PathWave BenchVue Power Supply

The power supply version of the app performs similar functions for power supplies instead.

The home screen allows for live monitoring and configuration of the basic settings for all output channels. For convenience, it is possible to collapse channels to focus on one or two.

Full settings control can be had via the Settings button.

The Data Logger tab adds functionality to the power supply which is not capable of data logging on its own (in spite of its front-panel USB host connection). The graph is slightly more configurable with analysis tools including markers and manual scale settings. Unfortunately, I found the graphing module to be very glitchy and resulted in visual corruption, traces being drawn over themselves, failure to autoscale and data logging hangs.

It is possible to save graph images as well, however, the exported images are poorly presented with aspect ratio issues. Even within the application, the vertical scale labelling leaves a lot to be desired. Having used the older Keysight Handheld Meter Logger software, it was a disappointment to see the PathWave BenchVue suite regress in terms of graphing functionality.

Data logging can have various features set to automate logging, control measurement frequency, and produce alerts.

But perhaps the biggest issue in my experience is that it is not possible to start a data log and then turn on the channel. Any changes in the operation mode must be made prior to starting a data log which seems counter-intuitive to me.
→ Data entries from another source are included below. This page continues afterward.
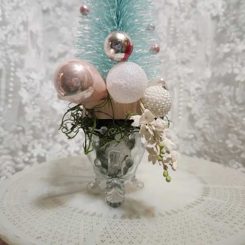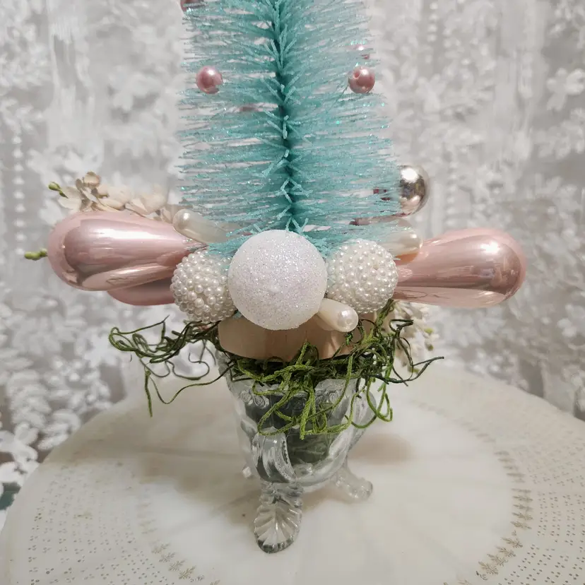 A gorgeous mix of sparkling pink and teal in this bottle brush tree assemblage. The surrounded by pink and white ornaments. Tucked in are vintage lily of the valley millinery stems. There are also vintage glass ornaments. This would fit a shabby chic springtime display so perfectly.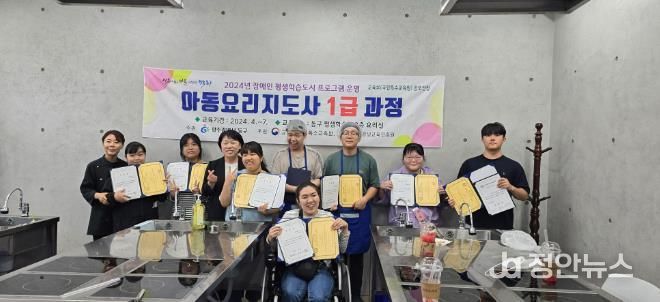 자격증을 취득한 이들은 동구평생학습관에서 운영 중인 아동요리지도사 1급 과정에 참여 중인 10명의 청각·시각·뇌병변 등 장애인 대학생 중 9명이다.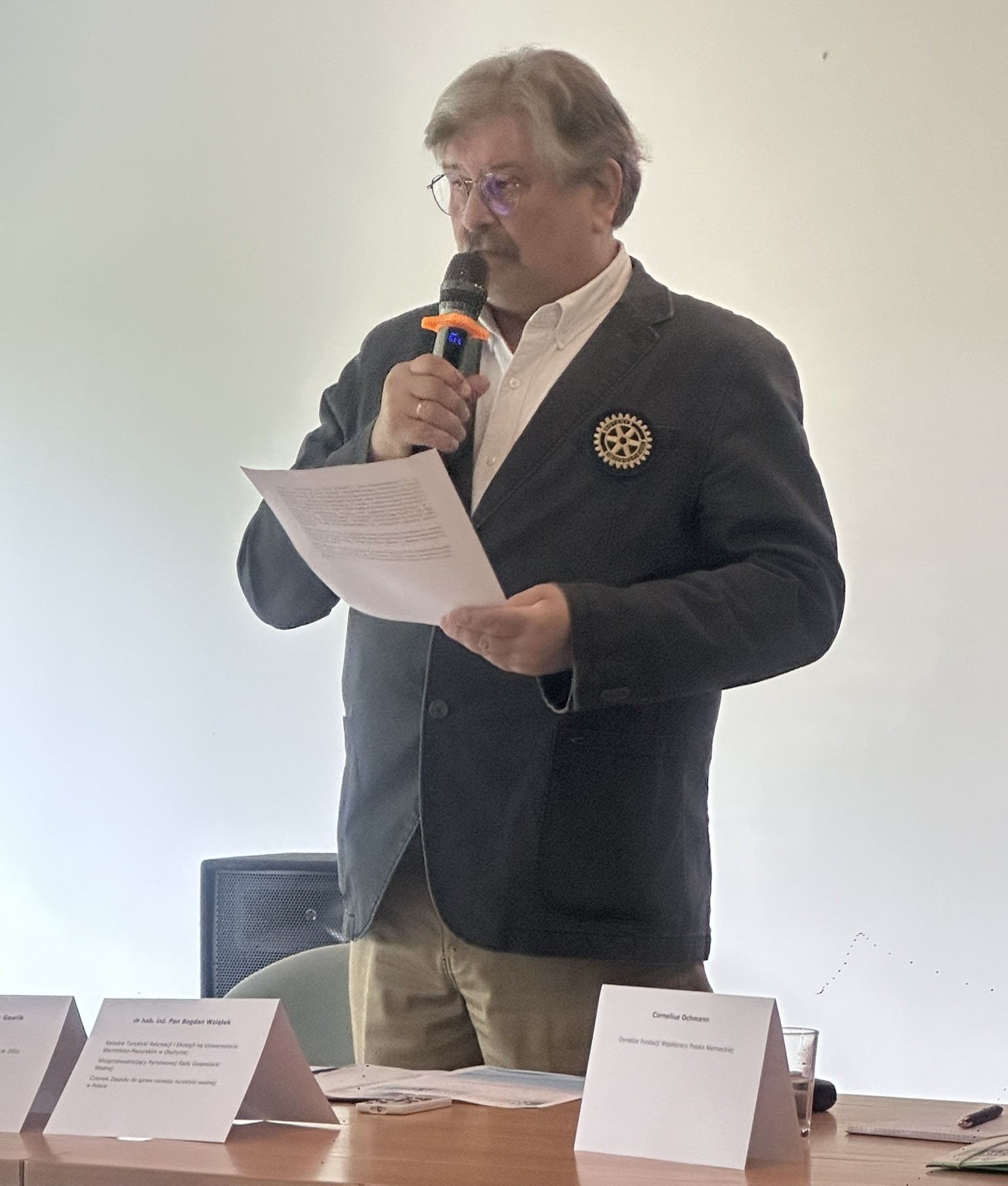Konferencję moderował Cornelius Ochmann – dyrektor Fundacji Współpracy Polsko-Niemieckiej, a otworzył ją Prezydent Rotary Club Giżycko, Andrzej Jelec, który powitał uczestników i omówił kluczowe problemy związane z zanieczyszczeniem jezior. Głos zabrała również Gubernator Dystryktu 2231, Krystyna Baj-Pawluk, podkreślając wagę inicjatywy.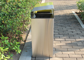 市政街道不銹鋼分類垃圾箱采用了常規(guī)1mm厚的201不銹鋼板制作而成,方形組合式分類設計,正面右上角絲網印刷絲印了分類圖標,桶身整體是不銹鋼本色,桶蓋往后翻可以取出垃圾桶的內筒,桶蓋可回收垃圾噴塑了黃色頂部坡面制作,我們欣方圳廠家支持定制不銹鋼果皮箱。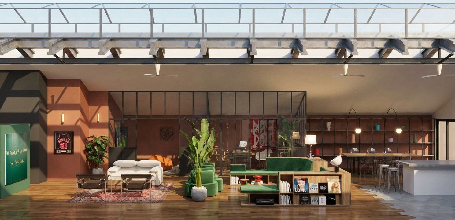transform this sketch up generated interior image into a high quality photorealistic render maintain the exact layout and furniture arrangement preserving the size texture and angle of visual emphasize the natural textures of wood rattan and layered fabrics capturing their tactile qualities enhance the lighting to create a soft ambient daylight atmosphere with sunlight gently filtering through the windows and casting realistic shadows and highlights improve the material reflections and add micro imperfections such as subtle fabric creases natural wood grain and detailed woven textures to increase authenticity all surfaces should respond to light with realistic bounce lighting soft gloss levels and nuanced texture variation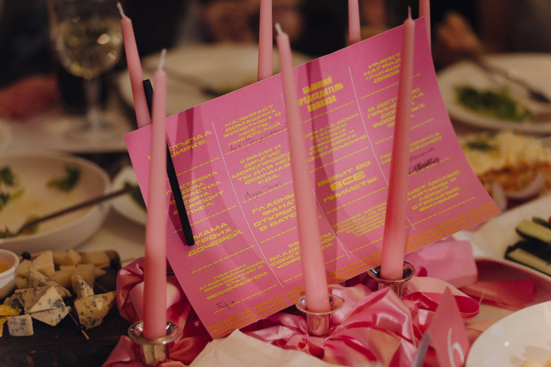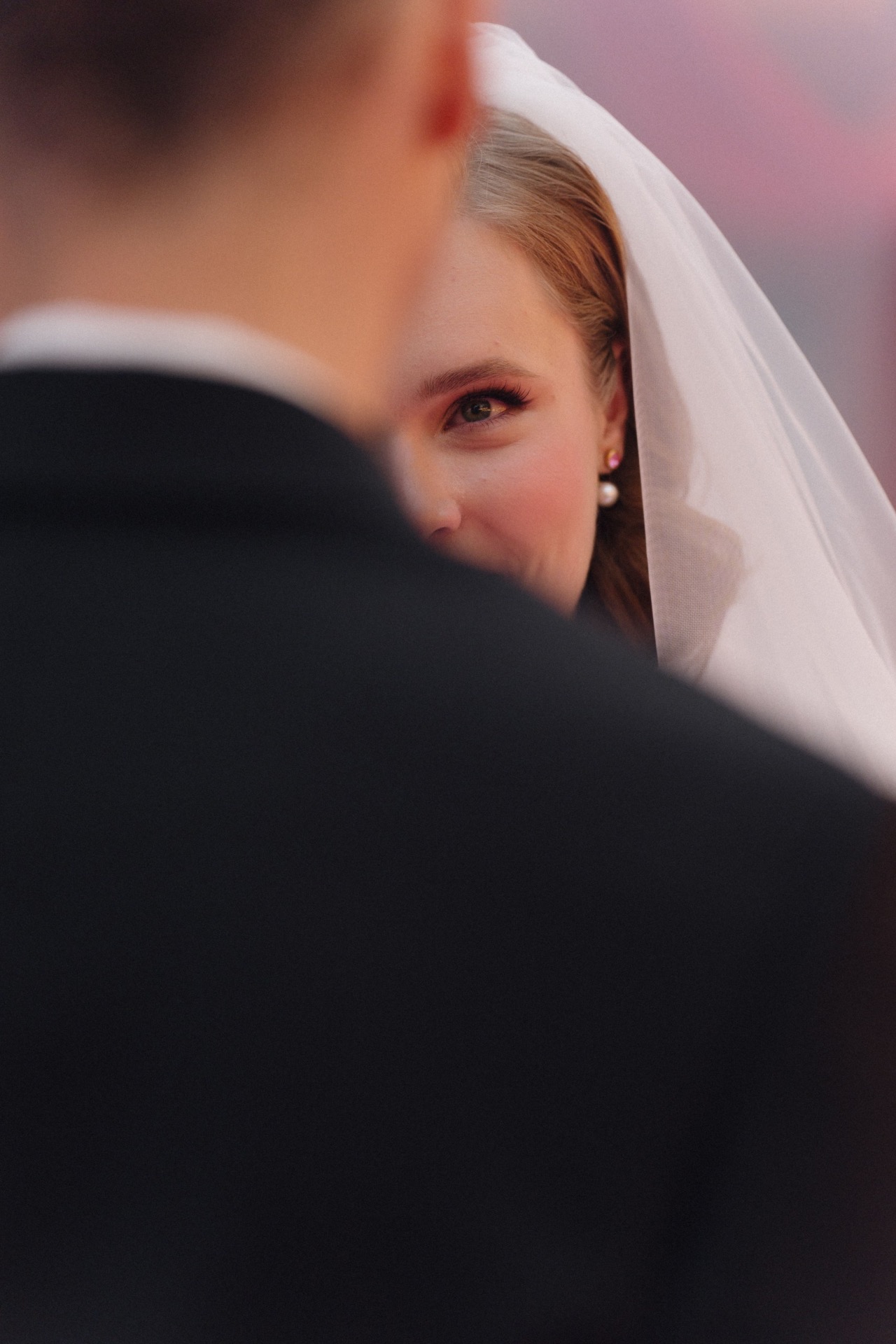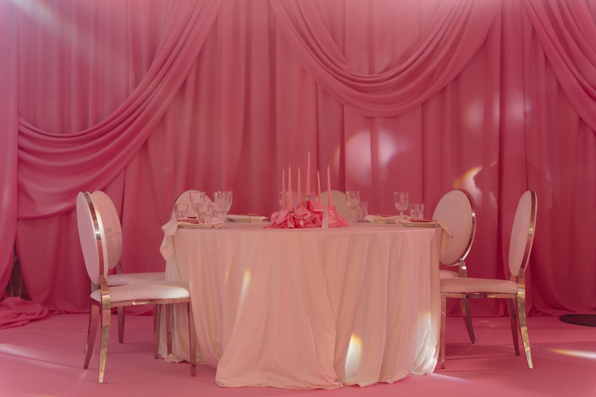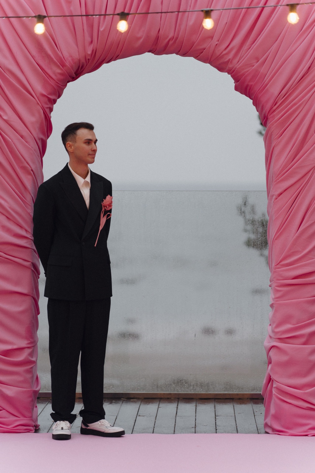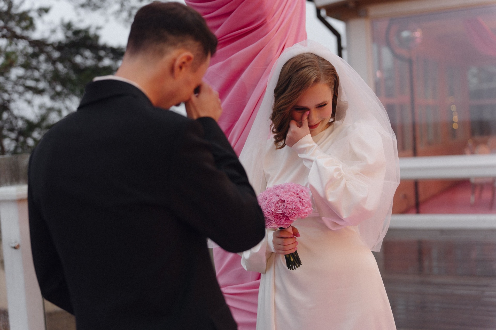 Концепция свадьбы появилась у нас сразу: мы хотели драпировки, место у воды и никаких живых цветов. Единственное, что изменилось уже в процессе — появился розовый цвет. Его предложил Глеб, когда узнал, что теперь это мой новый любимый оттенок.

Usually, I don’t want to miss the power-up event, yet the software does not cater well to this application. Furthermore, manual control of the instrument during remote operation is not permitted as the instrument is placed in remote mode, but there were instances where the instrument remained in remote mode after the application closed, but for the EDU36311A, there is no front panel “local” button, thus only a full restart of the supply could restore local front-panel control.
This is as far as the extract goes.